Any picture in the range stays out of the copy; retype exactly the lines from the one with "W210×D580×H350〜390mm |" to the end of the listing.

RECORDS FOR THE TASK:
• • •

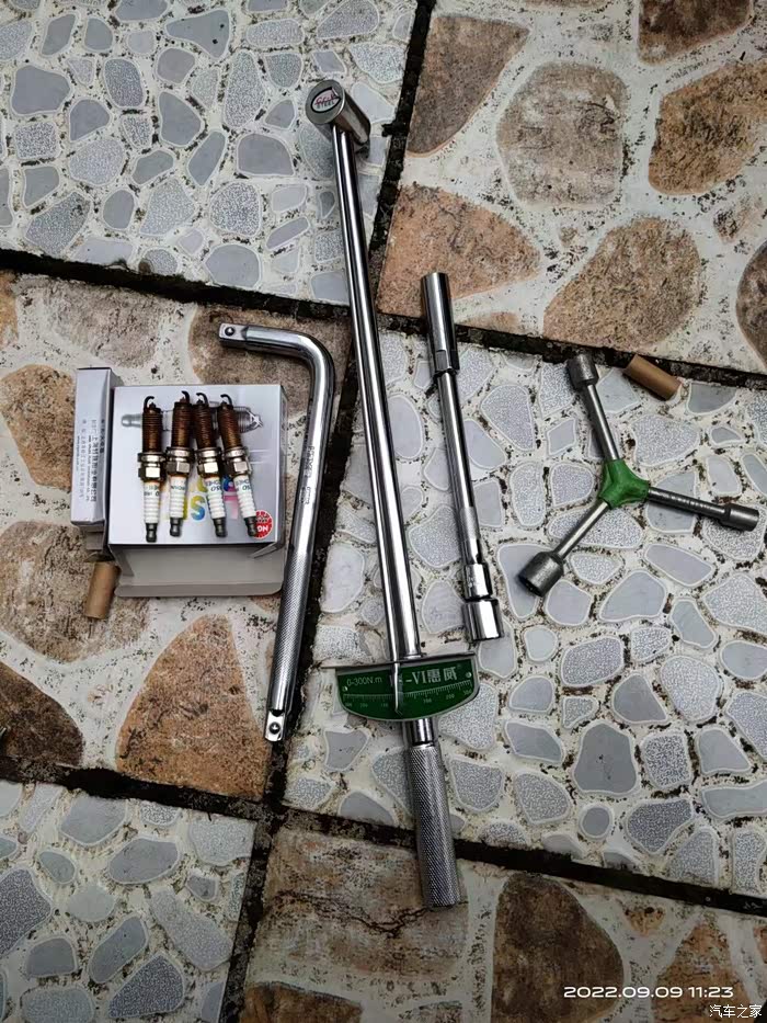 工具和换下来的旧火花塞。
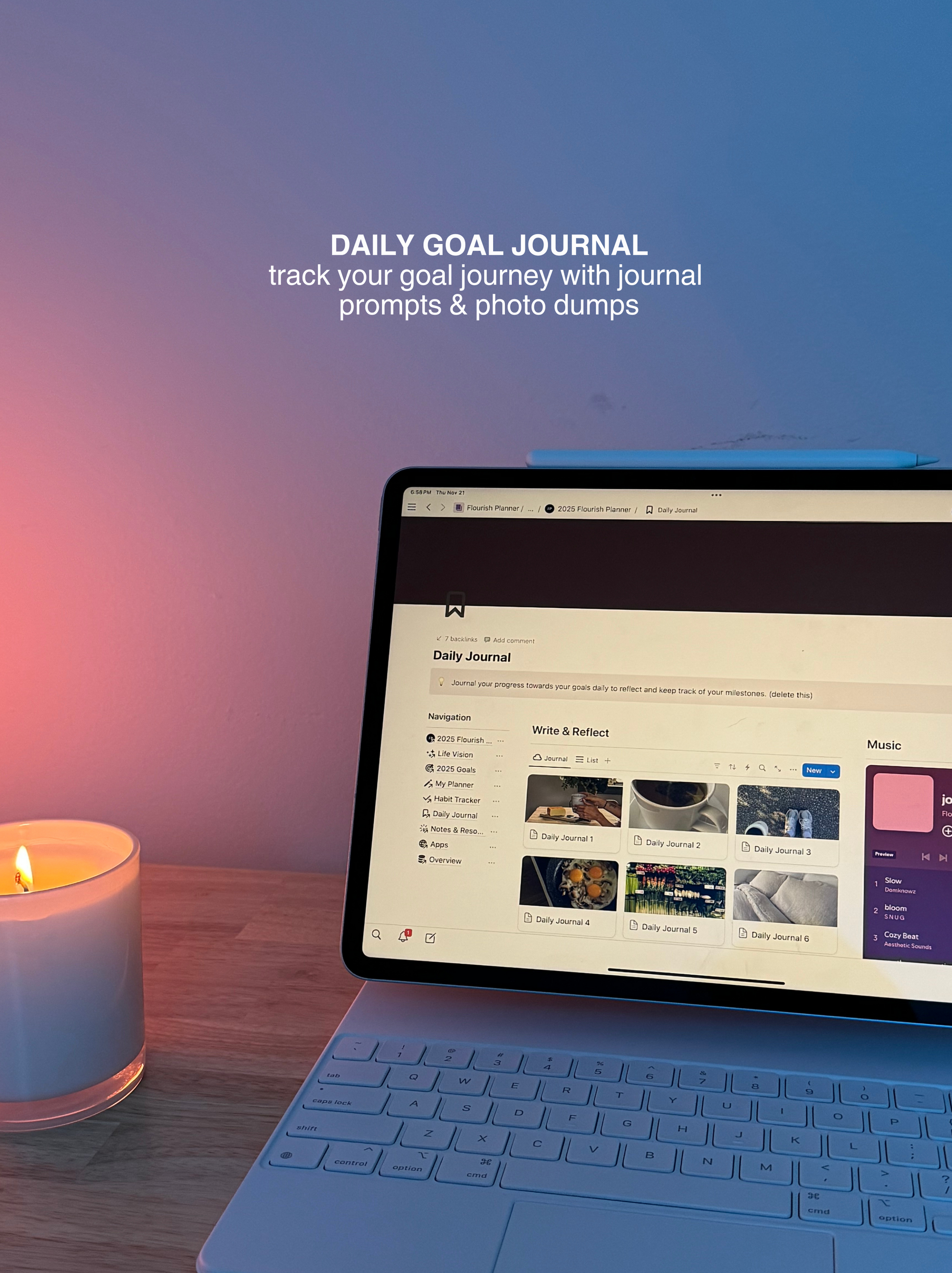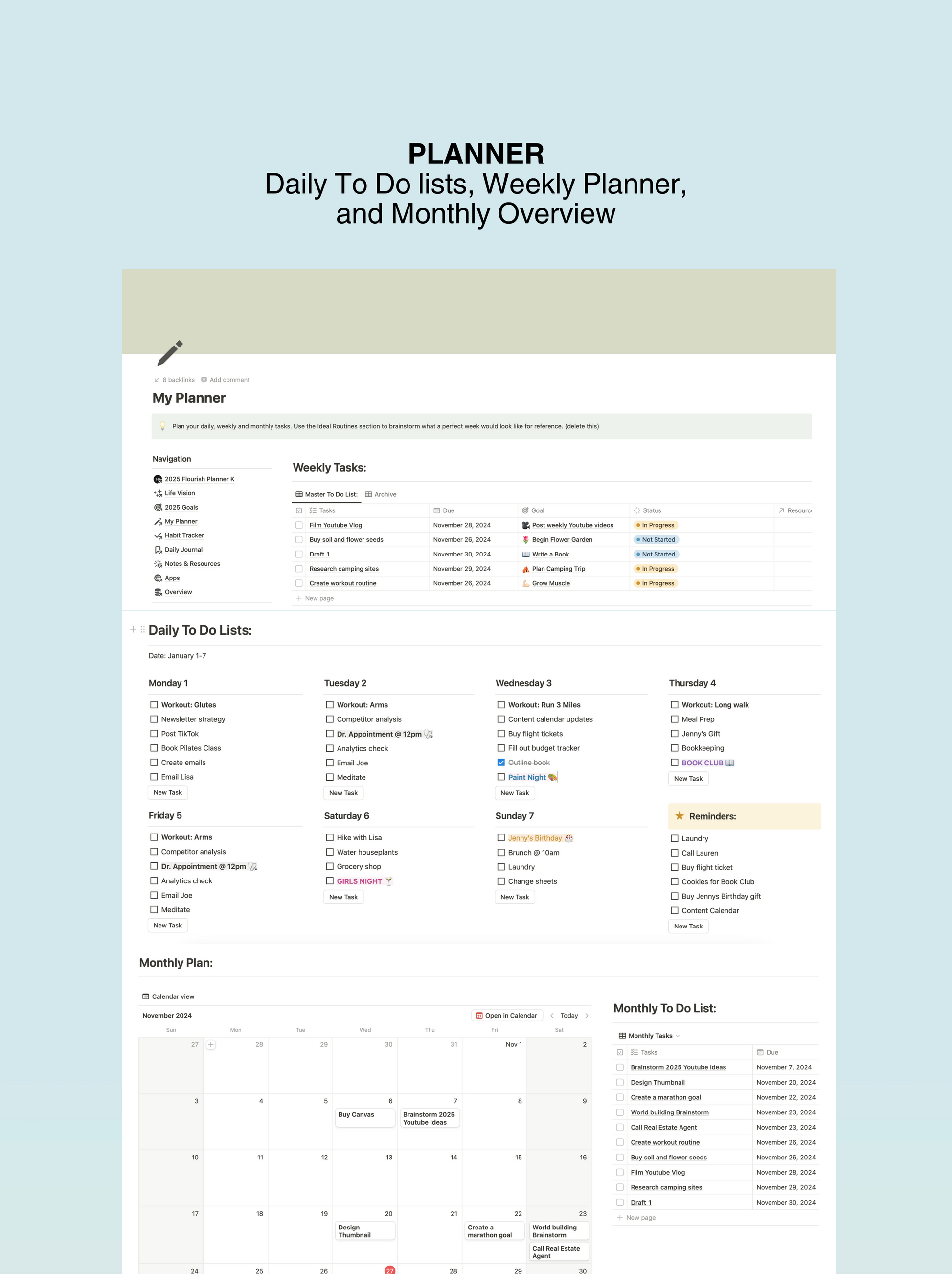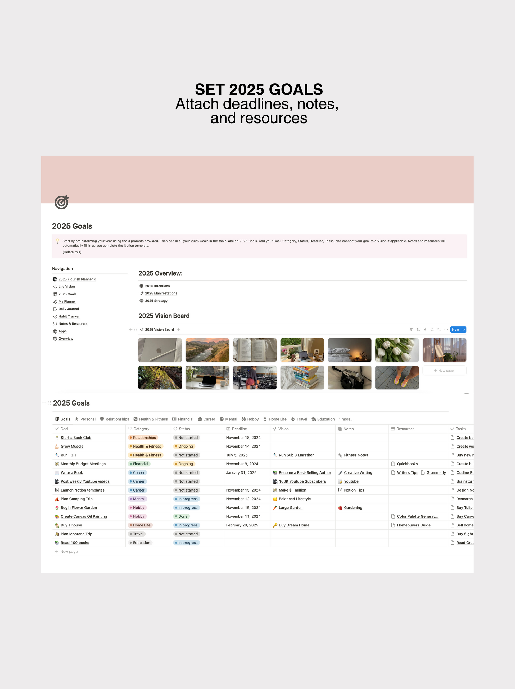 Achieve your goals in 2025 with this fully customizable Notion Planner, designed to help you set, track, and accomplish your biggest ambitions while keeping your daily life organized. Perfect for goal setters, productivity enthusiasts, and anyone ready to make 2025 their most organized year yet.
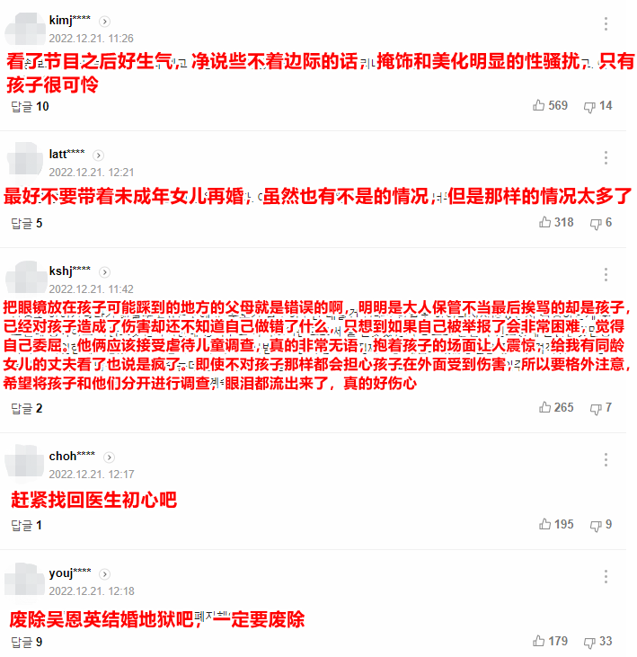 韩国观众批评吴恩英博士道:“本来很喜欢吴博士的,现在太失望了”、“吴博士一直出现在各种节目中作为医生、专家给大家提供建议,但是对于这样的事情她却看不出来吗”、“她好像已经失去了作为医生的本心,看到这种场面应该向警方举报的”……
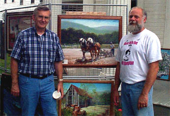 | EN PLEIN AIR - Bob Merwin (left), one of the artists participating in Owego's En Plein Air Art Show, discusses his paintings with Craig Maury (right) of Waverly. During the annual event, artists display their works on the porches of Owego's beautiful homes. |
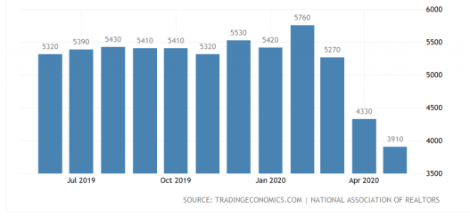 2020년 5월 미국에서 기존 주택 판매량은 4월과 비교하여 9.7% 하락하여 계정조정필년율 (seasonally adjusted annual rate : SAAR)로 3.91 million 이었습니다. 기존 주택 판매량은 미국 전역에서 하락하였고, 특히 북동부 지역에서는 급격하게 감소(-26%)하였습니다. 2020년 5월 모든 형태의 기존 주택의 중간값은 2019년 5월 (US$278,200) 가격보다 2.3% 증가하여 $284,600 이었습니다. 2020년 5월말 기존 주택의 전체 재고량은 1.55 million으로 4월보다는 6% 증가하였지만, 2019년 5월보다는 19% 하락하였습니다.
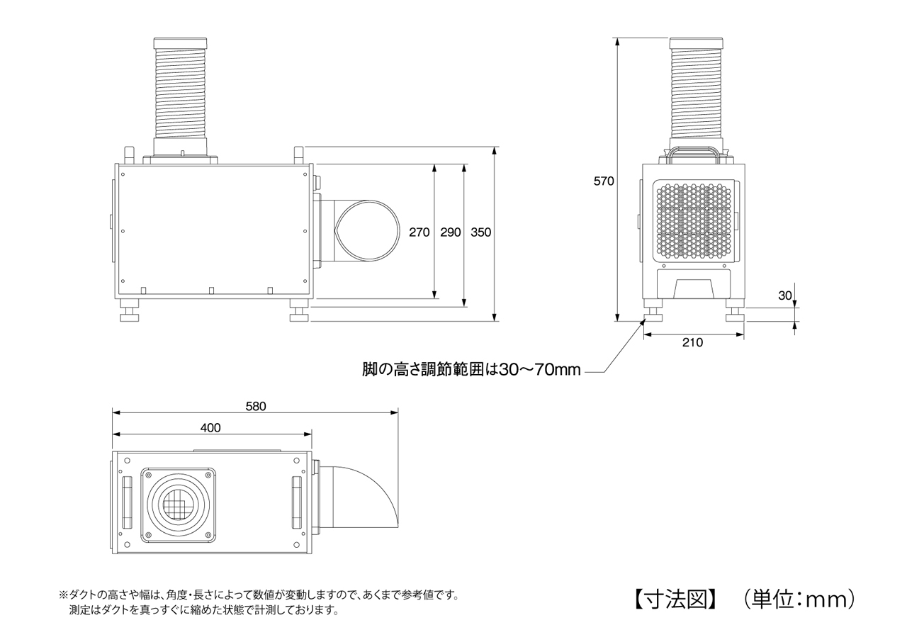 W210×D580×H350〜390mm |
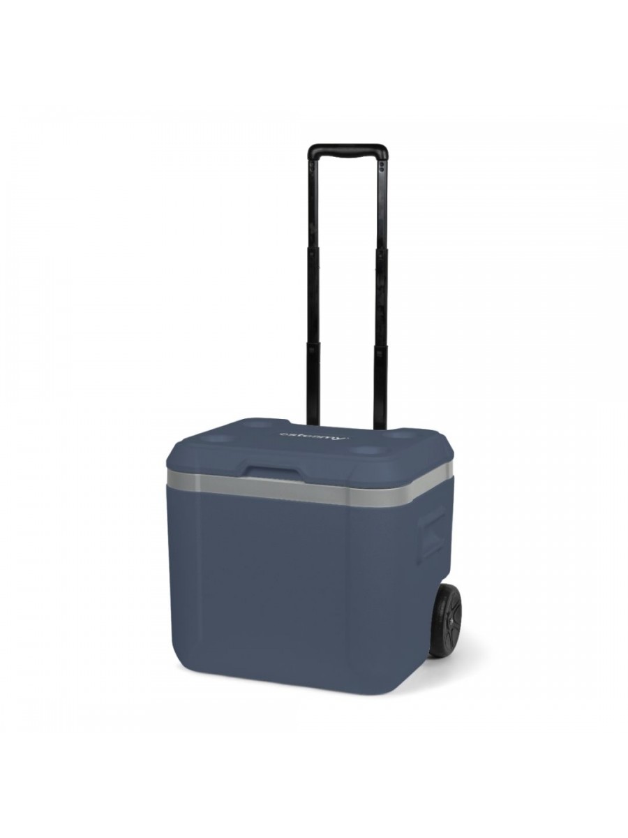 Praktyczna lodówka o pojemności 52 litrów, na kółkach, wyposażona w poręczną teleskopową rączkę.
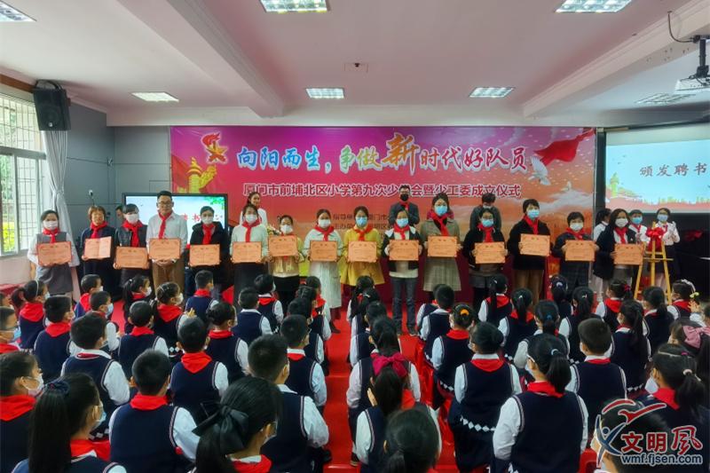 隨后,石亞珠宣讀了學校少工委組織機構名單,并邀請領導嘉賓們為少工委成員們頒發聘書。思明區教育局紀工委書記林小紅和思明區教育少先隊總輔導員呂文耀共同為“廈門市前埔北區小學少工委”授牌,前埔北區小學少先隊工作委員會正式成立。

• • •

EXERCISE RESULT:
 W210×D580×H350〜390mm |
 Praktyczna lodówka o pojemności 52 litrów, na kółkach, wyposażona w poręczną teleskopową rączkę.
 隨后,石亞珠宣讀了學校少工委組織機構名單,并邀請領導嘉賓們為少工委成員們頒發聘書。思明區教育局紀工委書記林小紅和思明區教育少先隊總輔導員呂文耀共同為“廈門市前埔北區小學少工委”授牌,前埔北區小學少先隊工作委員會正式成立。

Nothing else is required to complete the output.